While VoxTec continued to improve the device, the military began testing a device made by a California company, Integrated Wave Technologies Inc. It had developed a similar hands-free version of a translation machine that fit into an ammunition pouch, allowing soldiers to say key phrases that are then turned into full Arabic sentences. “You say ‘house search’ and then it will say in Arabic: ‘We’re here to search your house. Please stay in this room. Do you have any weapons?’ ” said Tim McCune, the company’s president.
Neither product, however, proved robust enough to replace human interpreters. What soldiers really needed, the military decided, was to have a conversation with the people they encounter, not just give orders. “During door-to-door searches, the soldiers need to be able to calm the people down and reassure them,’’ said Wayne Richards, branch chief for technology implementation at US Joint Forces Command.
So the Pentagon turned to the Defense Advanced Research Projects Agency (DARPA) to enlist some technology powerhouses, setting aside $20.8 million this year for translation technologies. Military officials said they do not expect the automated devices to replace human interpreters but to augment them. DARPA was a natural fit to lead the project because it has spent the past two years creating a database of thousands of hours of Iraqi conversations to study the voices, speech patterns and commonly used phrases to help with speech-recognition software.

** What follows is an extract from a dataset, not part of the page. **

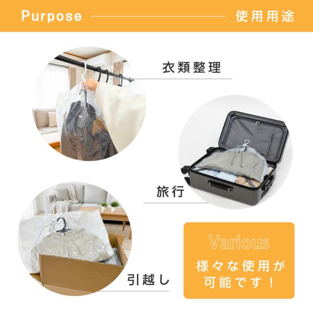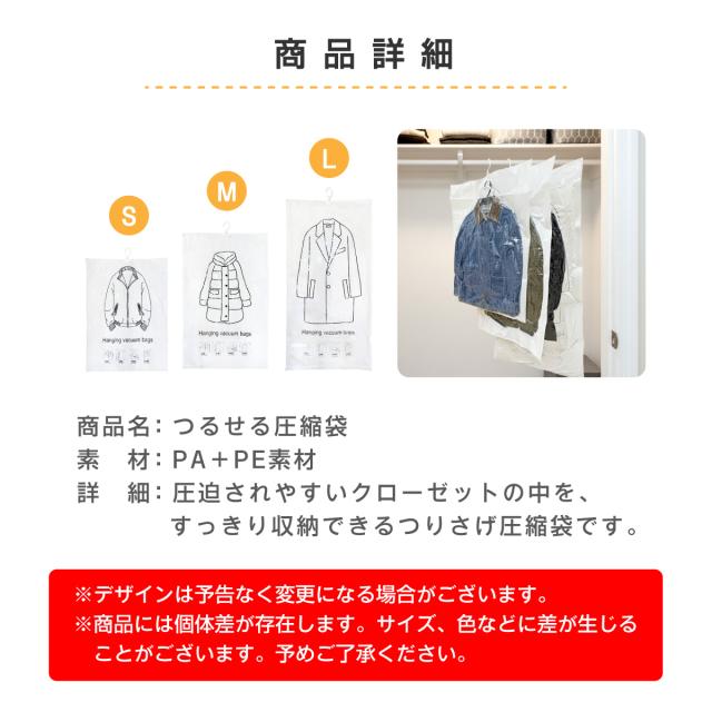 つるせる圧縮袋 6枚セット|S・M・L各2枚|ハンガー付き衣類圧縮袋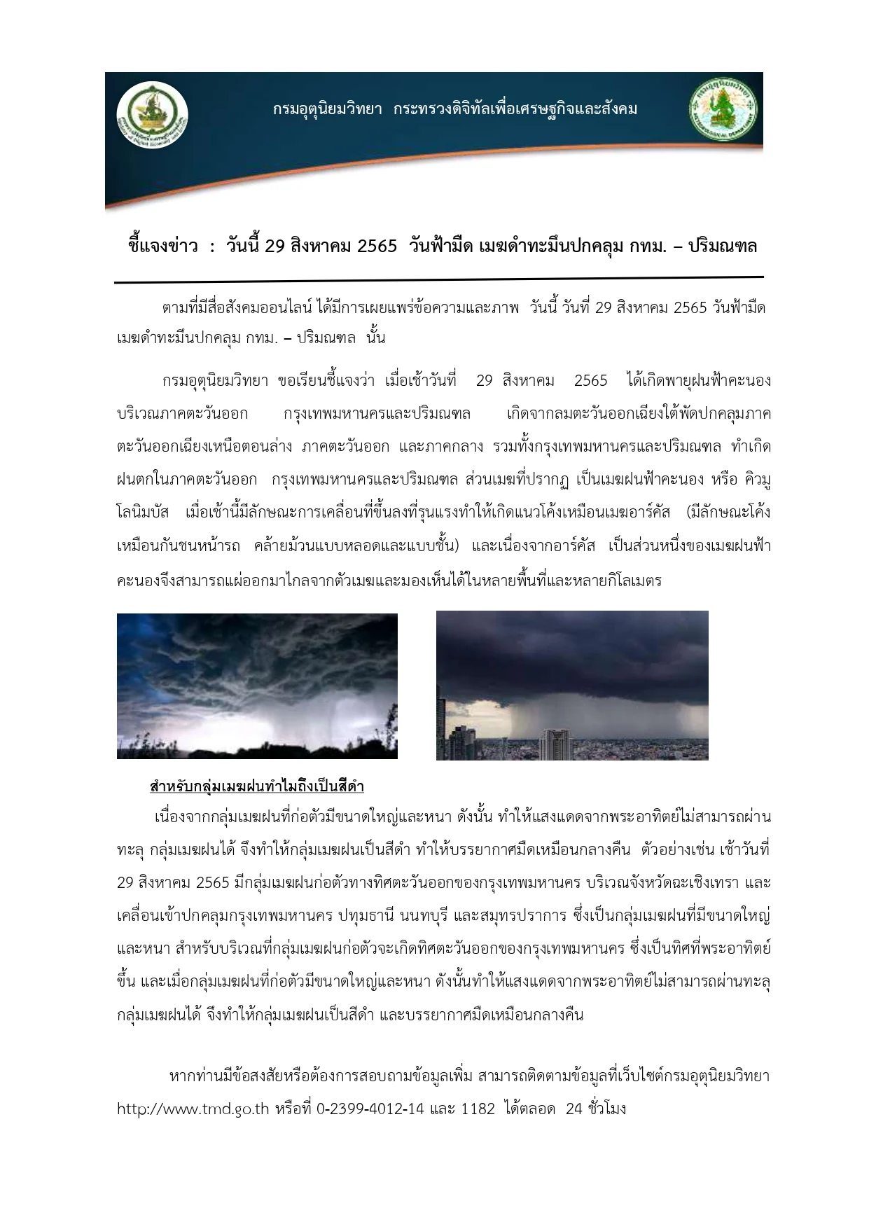 กรมอุตุนิยมวิทยา ชี้แจงกรณีเช้าวันนี้ (29 ส.ค.) เกิดพายุฝนฟ้าคะนองบริเวณภาคตะวันออก กรุงเทพมหานครและปริมณฑล ว่า เกิดจากลมตะวันออกเฉียงใต้พัดปกคลุมภาคตะวันออกเฉียงเหนือตอนล่าง ภาคตะวันออก และภาคกลาง รวมทั้งกรุงเทพมหานครและปริมณฑล ทำเกิดฝนตกในภาคตะวันออก กรุงเทพมหานครและปริมณฑล ส่วนเมฆที่ปรากฏเป็นเมฆฝนฟ้าคะนอง หรือ คิวมูโลนิมบัส เมื่อเช้านี้มีลักษณะการเคลื่อนที่ขึ้นลงที่รุนแรงทำให้เกิดแนวโค้งเหมือนเมฆอาร์คัส (มีลักษณะโค้งเหมือนกันชนหน้ารถ คล้ายม้วนแบบหลอดและแบบชั้น) และเนื่องจากอาร์คัส เป็นส่วนหนึ่งของเมฆฝนฟ้าคะนองจึงสามารถแผ่ออกมาไกลจากตัวเมฆและมองเห็นได้ในหลายพื้นที่และหลายกิโลเมตร

The agency selected SRI International, a nonprofit research group, IBM Corp., and Carnegie Mellon University in Pittsburgh to help put that database to work. Each of the three has developed systems that use mathematical algorithms to interpret speech, even if it is slurred, accented or muffled, into Arabic and the Arabic response into English. After a second or two, a synthesised male voice produces a response. The systems usually require speakers to limit their conversations to one sentence at a time to avoid confusion.